Please see list of Contributors at GitHub.


License

pipeline-StableLift is licensed under the GNU General Public License version 2. See the file LICENSE for the terms of the GNU GPL license.

StableLift is a machine learning approach designed to predict variant stability across reference genome builds, supplementing LiftOver coordinate conversion to increase the portability of variant calls.

Copyright (C) 2024 University of California Los Angeles ("Boutros Lab") All rights reserved.

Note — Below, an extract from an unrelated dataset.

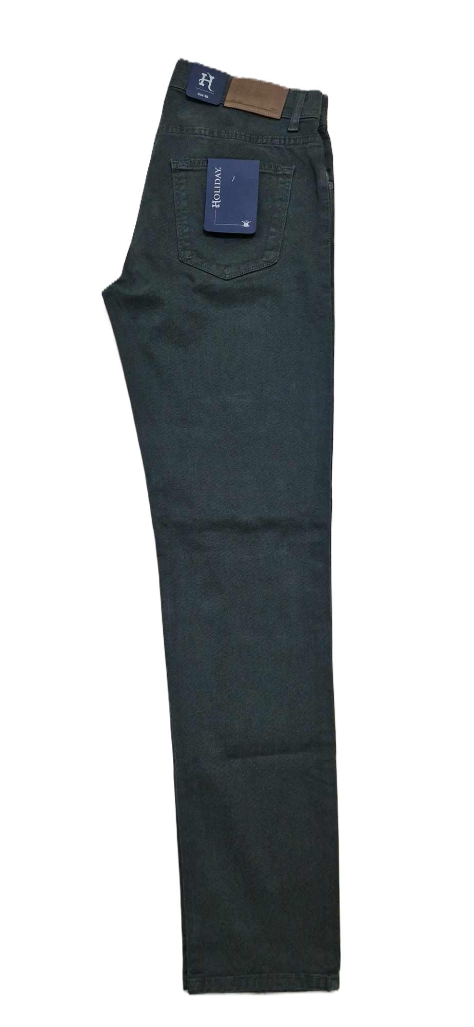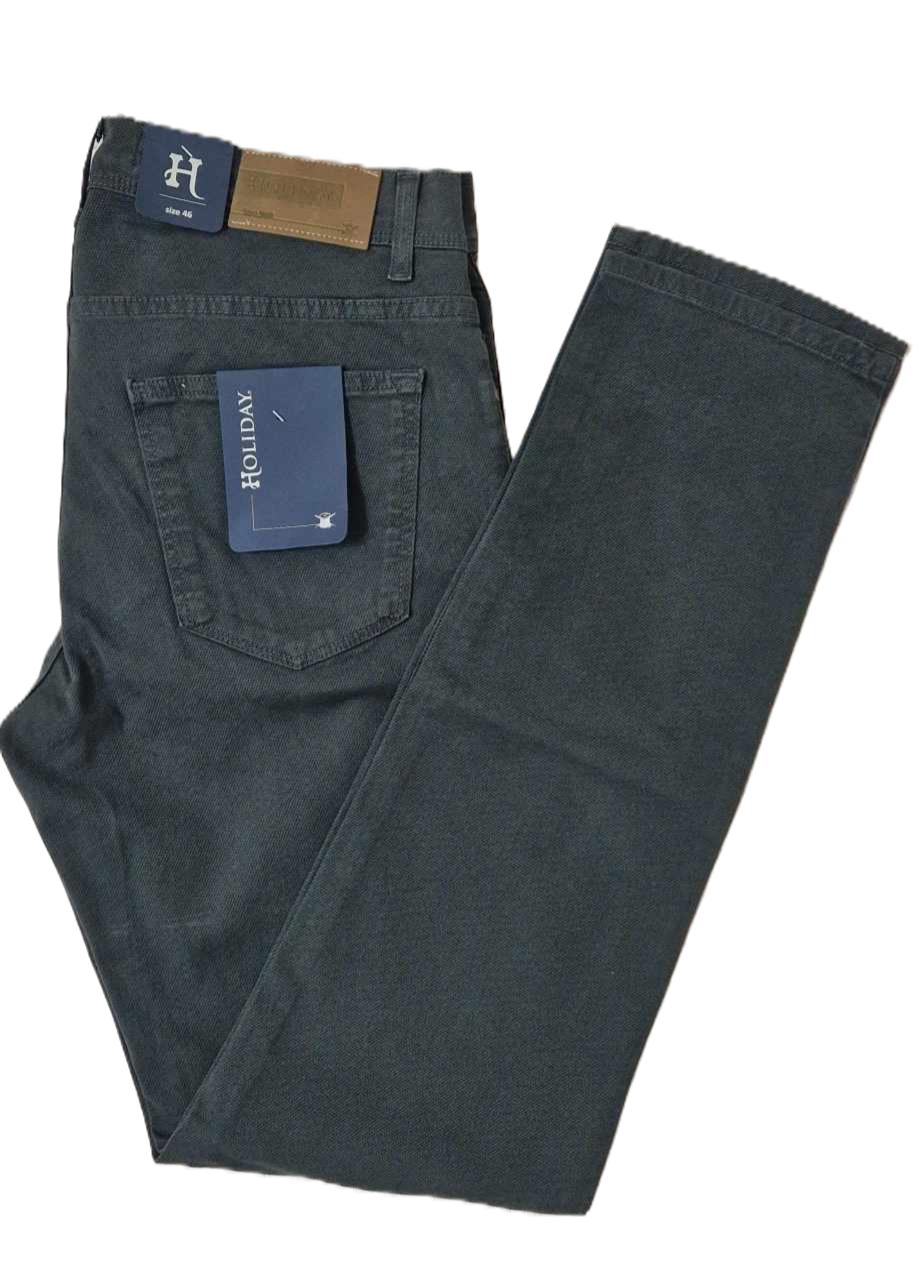 Bellissimo pantalone !! Stoccolma, brand Holiday , morbido fustagno lavorato in microfantasia disponibile in tre colori , verde scuro, blu denim, grigio . Modello cinque tasche ,alto in vita ,molto comodo con gamba a scendere leggermente Slim. Materiali: 87% cotone .3% elastan . Prodotto in Italia.

This program is free software; you can redistribute it and/or modify it under the terms of the GNU General Public License as published by the Free Software Foundation; either version 2 of the License, or (at your option) any later version.

This program is distributed in the hope that it will be useful, but WITHOUT ANY WARRANTY; without even the implied warranty of MERCHANTABILITY or FITNESS FOR A PARTICULAR PURPOSE. See the GNU General Public License for more details.